Read judgment

The Southern African Development Community, having caved in to pressure from Zimbabwe’s former president, Robert Mugabe, to close down its Windhoek-based tribunal, has now been forced to face up to some of the financial and reputational consequences.

A senior staffer of the now-defunct SADC Tribunal, Judge Charles Mkandawire, litigated against SADC, claiming that his second contract with the tribunal was unlawfully terminated and that he should be paid compensation.

The SADC Administrative Tribunal (SADCAT) heard Judge Mkandawire’s claim last year and found in his favour. SADC appealed, however, and that appeal has now been finalised, with SADCAT’s appeals panel once again finding in favour of Judge Mkandawire.

Demise

Judge Mkandawire was the SADC Tribunal’s first registrar and he had a four-year contract, due to end on 30 November 2012. He applied for his contract to be renewed and was informed that it was approved for a further four years.

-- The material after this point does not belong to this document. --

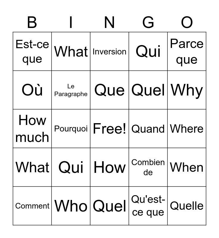 This bingo card has a free space and 24 words: Qui, Who, Que, Comment, Parce que, Est-ce que, Où, What, Quand, How, Quel, How much, Combien de, When, Le Paragraphe, Qu'est-ce que, Where, Inversion, Why, Pourquoi, Quelle, What, Qui and Quel.
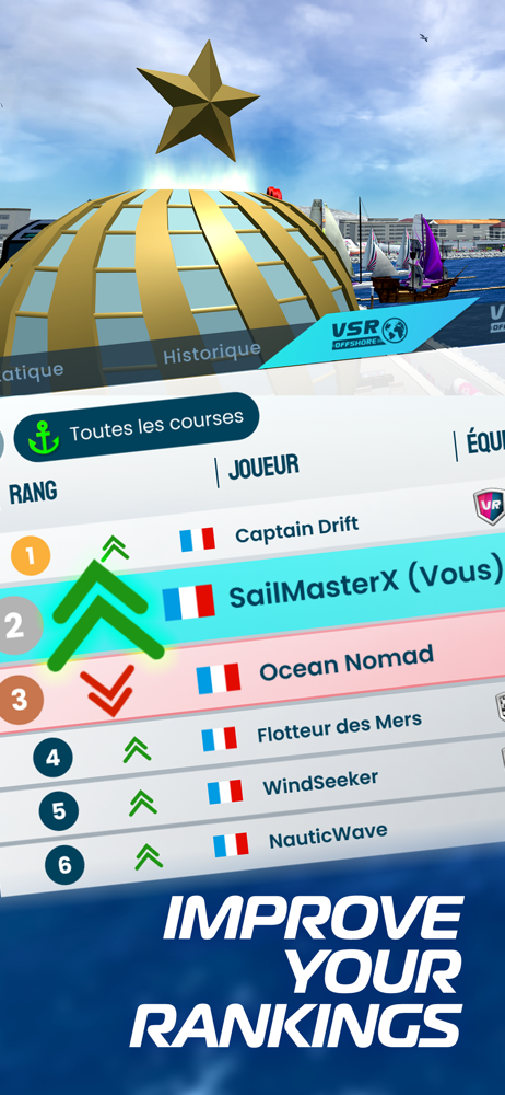 Virtual Regatta is an official partner of the FFVoile, the World Sailing Federation (World Sailing) and the Olympic Games with whom Virtual Regatta co-organizes all existing official eSailing events. Sail with the best !

However, he was told some time later that his contract would only last until ‘the completion of the review of the role of the SADC Tribunal’. This was a reference to the ‘review’ that led to the demise of the tribunal at the prompting of Mugabe, apparently outraged at the decisions of the tribunal on Zimbabwe’s land seizures.

Despite the objections of Judge Mkandawire, he was ultimately given three months’ notice. His objections to the way he had been treated eventually led to a hearing before SADCAT which found that his contract had indeed been unlawfully terminated.

Mediation

In its decision last year, SADCAT ordered that, by way of compensation, he should be paid the amount agreed during an earlier attempt at mediation, less the judge’s earnings once he returned to Malawi after the original tribunal was closed. SADCAT also ordered that he should be paid interest of 10% from 30 November 2016.

SADC appealed to a SADCAT appeal panel of three judges and the matter was argued in March.

The appeal panel’s presiding officer, Judge Mbutfo Mamba of Eswatini, noted that SADC only decided more than a year into the (second) contract, that the contract ‘should be considered as having been extended until the completion of the review of the role of the SADC Tribunal’. Judge Mamba said the words used here were ‘telling’ and suggested a new stance or position.

‘Unmitigated breach’

‘That was tantamount to a unilateral imposition of a new contract …. In effect, Council said: “We accept that your contract was renewed for four years, but we shall not honour it but rather we shall treat or view it as having been extended for the duration of the relevant review.”

‘That is a clear and unmitigated breach of contract and is impermissible and unlawful,’ Judge Mamba said.   

Another issue argued by SADC’s legal team was that Judge Mkandawire had ‘rendered himself redundant by declining to be redeployed to the secretariat’.

Skills

On this argument Judge Mamba, wrote: ‘I intend no disrespect to counsel if I do not spend as much time and space [on] this point as he did. The short answer … is that there was no post that was ever offered to [Mkandawire] at the secretariat. Therefore, there was nothing for him to decline. … Perforce, this point must fail’.

A second member of the appeal panel, Zambian judge Fulgency Chisanga, said that she agreed with the outcome, but that she reached it on different grounds. Among other issues, she also touched on the question of the ‘offer of deployment’ made to Judge Mkandawire and his refusal of the offer ‘considering his profile and qualifications’.

‘He cannot be faulted for this decision,’ wrote Judge Chisanga, ‘because the offer was vague’ and did not comply with the terms identified before mediation. She also pointed out that an international organisation was obliged to do its ‘utmost’ to find a post that matched the skills and level of responsibility of an official faced with redundancy.

Obligation

In this case, SADC had failed to show that it did its ‘utmost’ to find alternative suitable employment for Judge Mkandawire. Whenever such an organisation restructured its institutions ‘it bears an obligation to observe the rights and safeguards of its staff’, she noted. ‘Also, SADC bore a duty of care to [Judge Mkandawire] and was required to act in good faith in proposing to reassign him. This it did not do.’ She thus found SADC’s argument that Judge Mkandawire had ‘rendered himself redundant’, was ‘unsustainable’.

The third member of the appeal panel, Judge Pedro Sinai Nhatitima of Mozambique’s supreme court, agreed that the appeal should be dismissed.

Media in Malawi quote local labour law experts commenting on the outcome: ‘It teaches SADC to respect the terms and regulations governing employment between SADC and its employees.’